Facebook's recent open sourced fasttext https://github.com/facebookresearch/fastText improves the word2vec SkipGram model. It follows a similar output format for word - vector key value pairs, and the similarity calculation is about the same too, but their binary output format is kind of different from that of the C version of word2vec binary format. Do we want to support loading fastText model output in gensim? Thanks.
Definitely! Reading/writing the fastText word-vector format (the .vec and perhaps consulting part of the .bin) would be an obvious 1st step.
(As a later step, the .bin might include enough extra info for models to continue training… though their classification modes might not map directly to the existing gensim output-layer models.)
It appears the .vec output of fastText is already compatible with the original word2vec.c text format, and readable in gensim by load_word2vec_format(filename, binary=False).
The .bin output, written in parallel (rather than as an alternative format like in word2vec.c), seems to have extra info – such as the vectors for char-ngrams – that wouldn't map directly into gensim models unless/until they're extended with new features. So supporting the load of such info isn't a mere matter of format understanding/translation.
@gojomo thanks. I can confirm the vec format is compatible with gensim
See FastText comparison notebook in https://github.com/RaRe-Technologies/gensim/pull/815
@tmylk - we may want to keep this open for the larger issue of doing something with the .bin output. We might be able to map its weights (and word-frequency info) into gensim's objects, to support continued training, as a small translation-of-values patch.

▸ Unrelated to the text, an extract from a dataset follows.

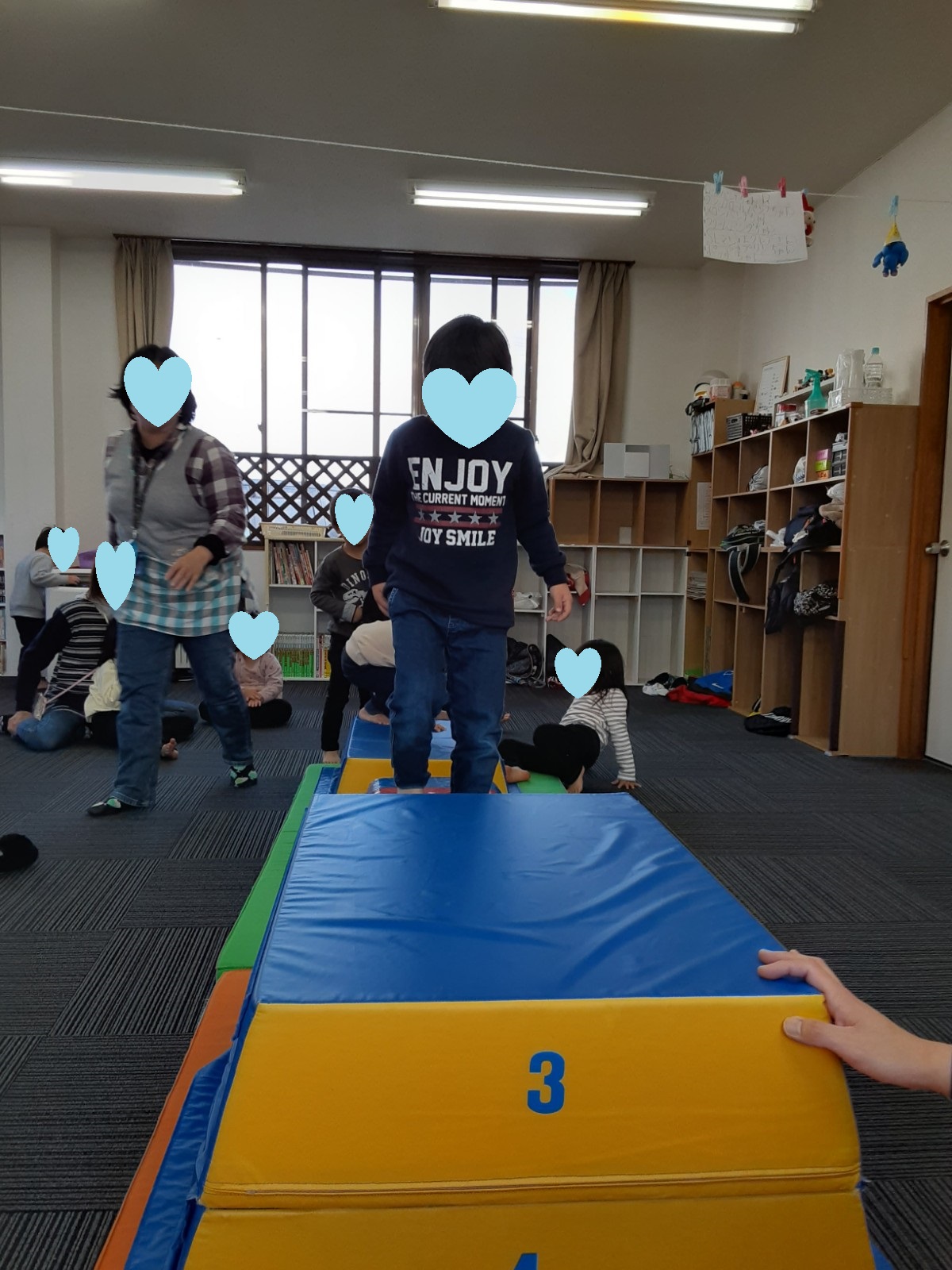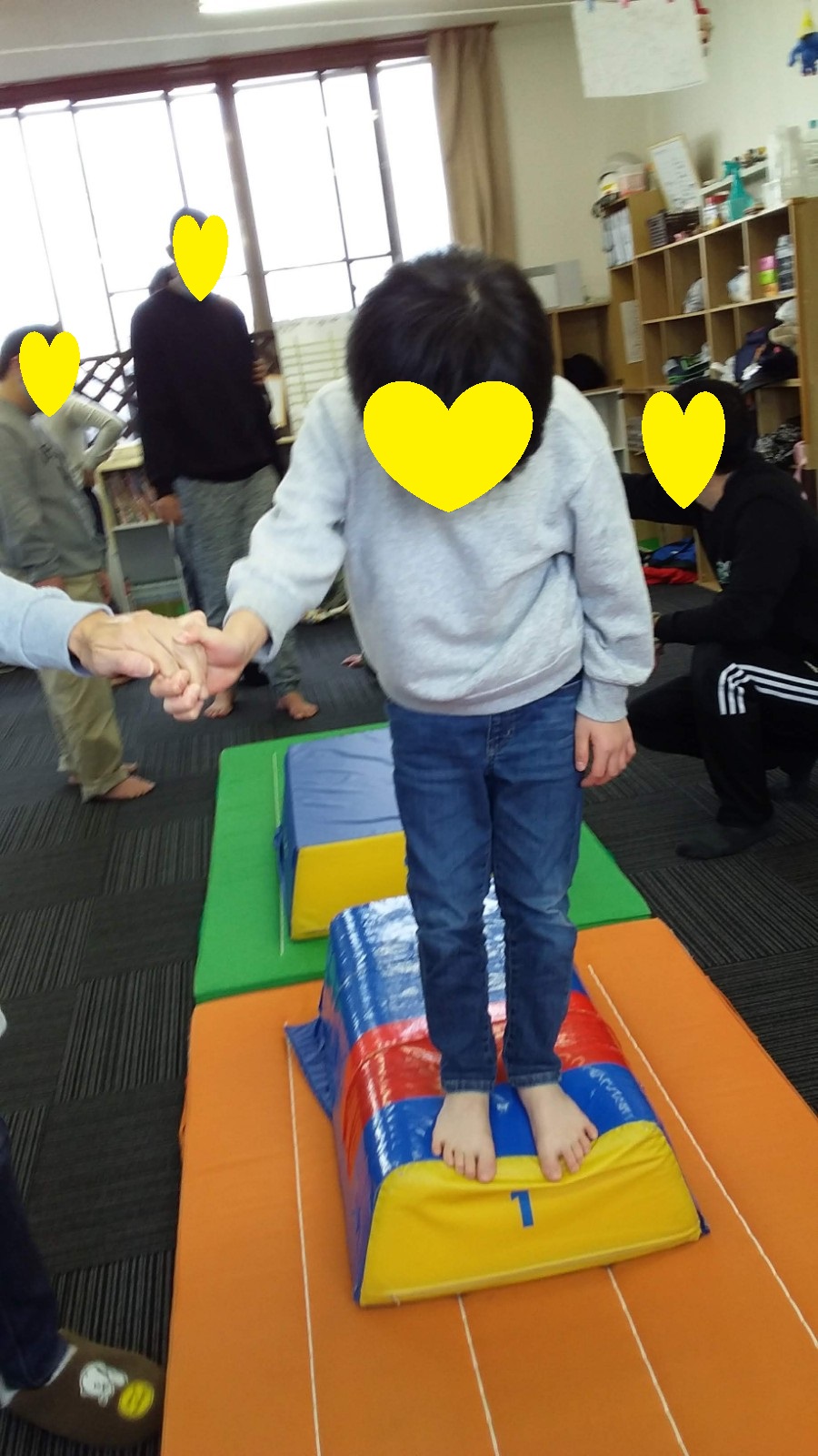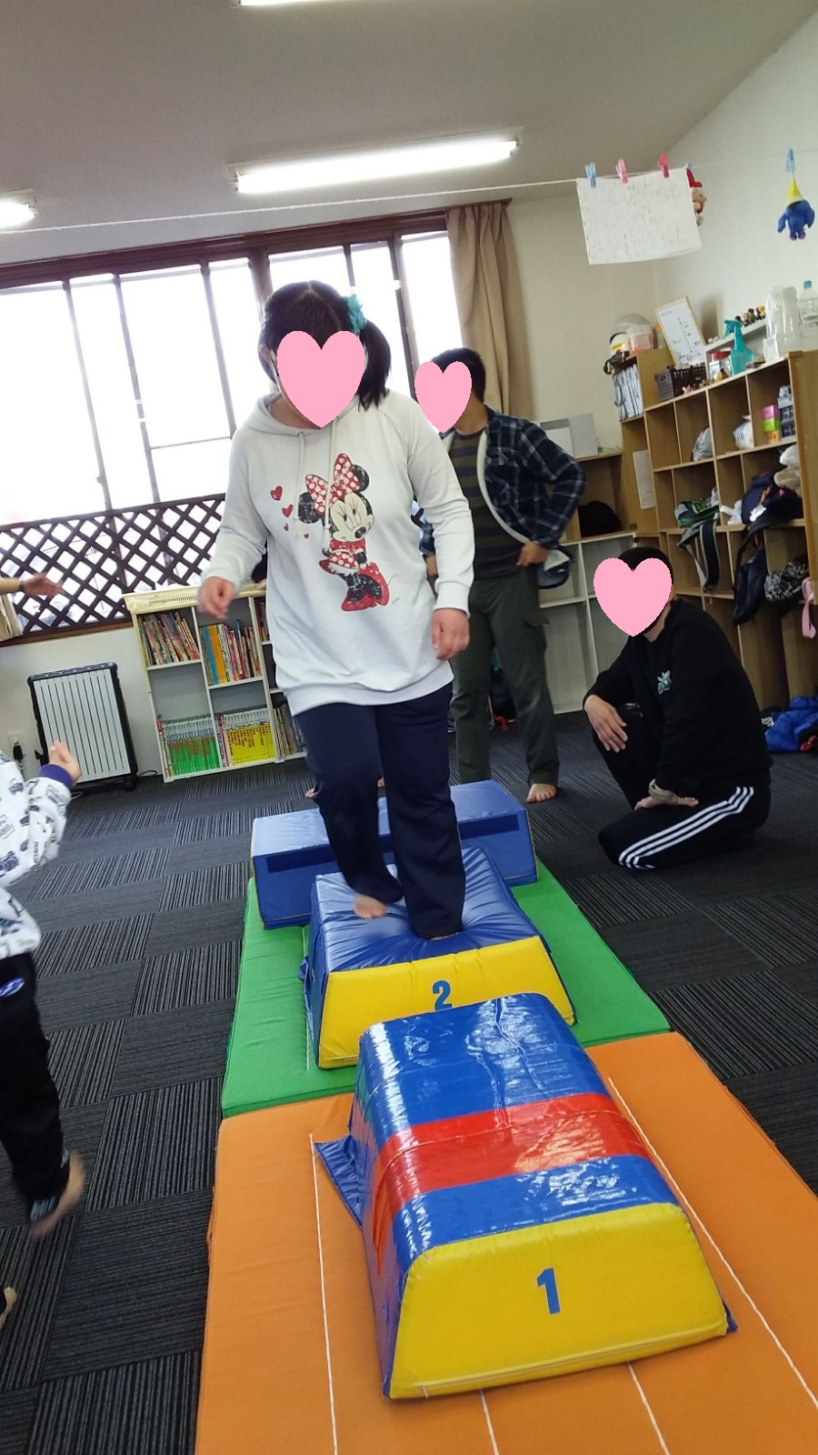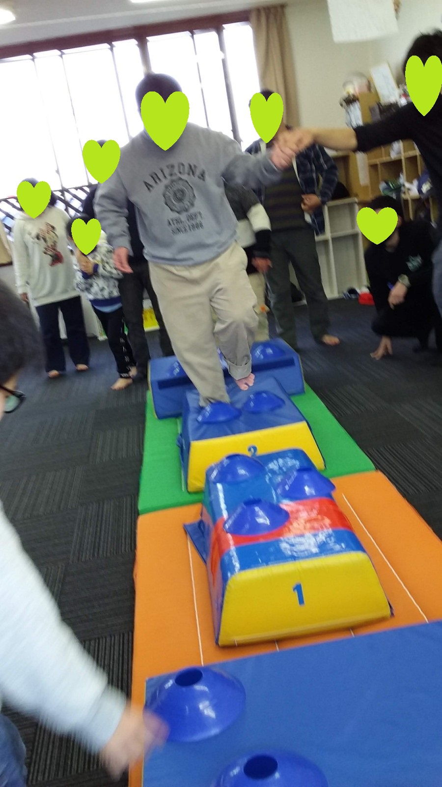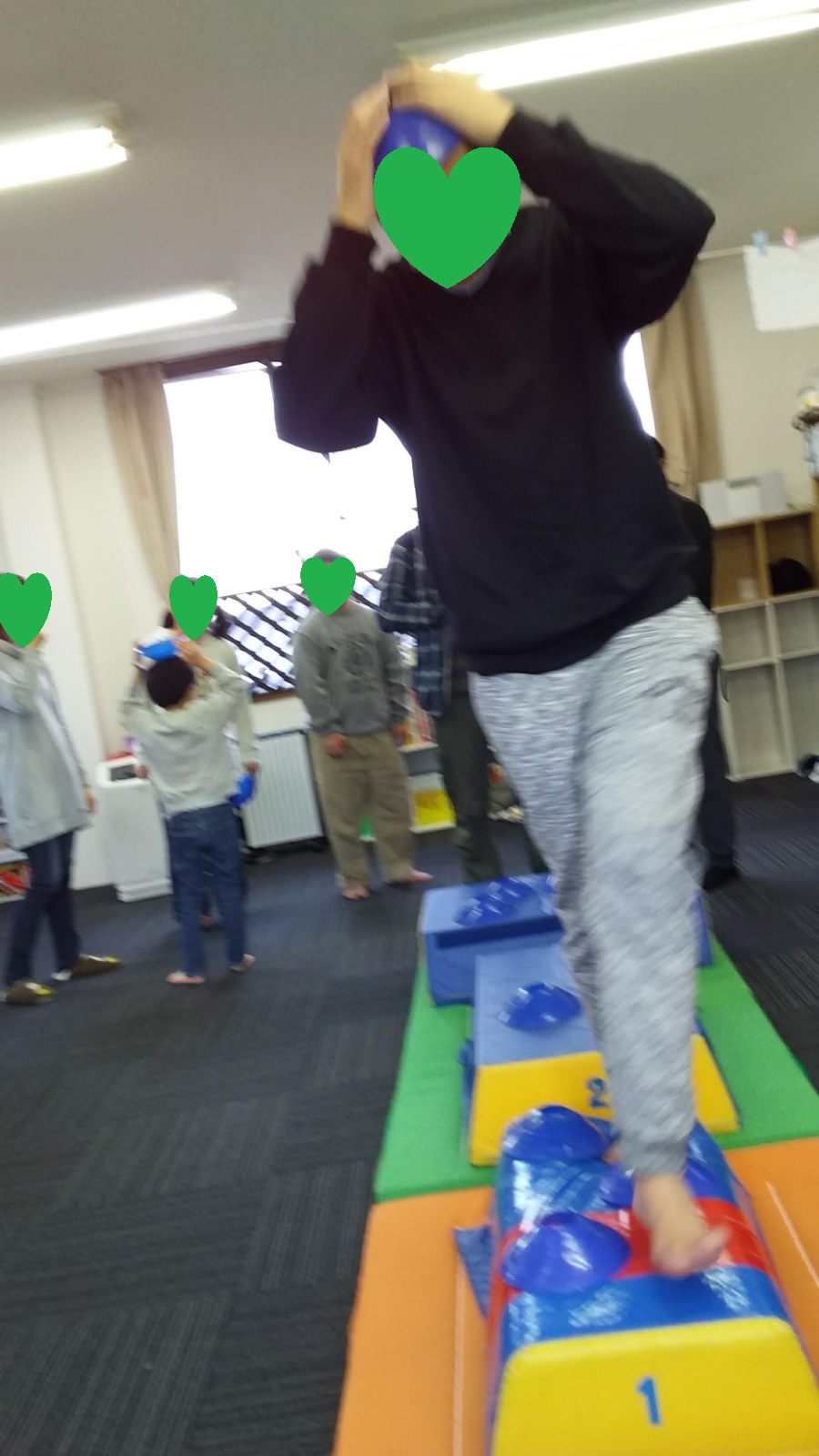 マット運動では、スタッフとコーチや子供たちも参加して足の間をくぐる運動をしました(^^♪

Loading the buckets-of-subword-vectors, and making them usable for OOV prediction, would require a bit more actual functionality... but would still be practical. Maybe at first, the subword-buckets wind up in a different class – even perhaps a KeyedVectors variant/sibling - which would offer both subword vector lookup, by hashed key, and word-vector-reconstruction (incl. OOV words), by composition of subword vectors. (cc @droudy)
FastText just published pre-trained word vectors for 90 languages trained on Wikipedia. I am trying to load the Spanish, Basque or English models with gensim=1.0.0 and the method FastText.load_fasttext_format but I have the following error:
File "/home/aritzbi/test_gensim_fastext/venv/local/lib/python2.7/site-packages/gensim/models/wrappers/fasttext.py", line 255, in load_binary_data
self.load_dict(f)
File "/home/aritzbi/test_gensim_fastext/venv/local/lib/python2.7/site-packages/gensim/models/wrappers/fasttext.py", line 282, in load_dict
char = char.decode()
UnicodeDecodeError: 'ascii' codec can't decode byte 0xc3 in position 0: ordinal not in range(128)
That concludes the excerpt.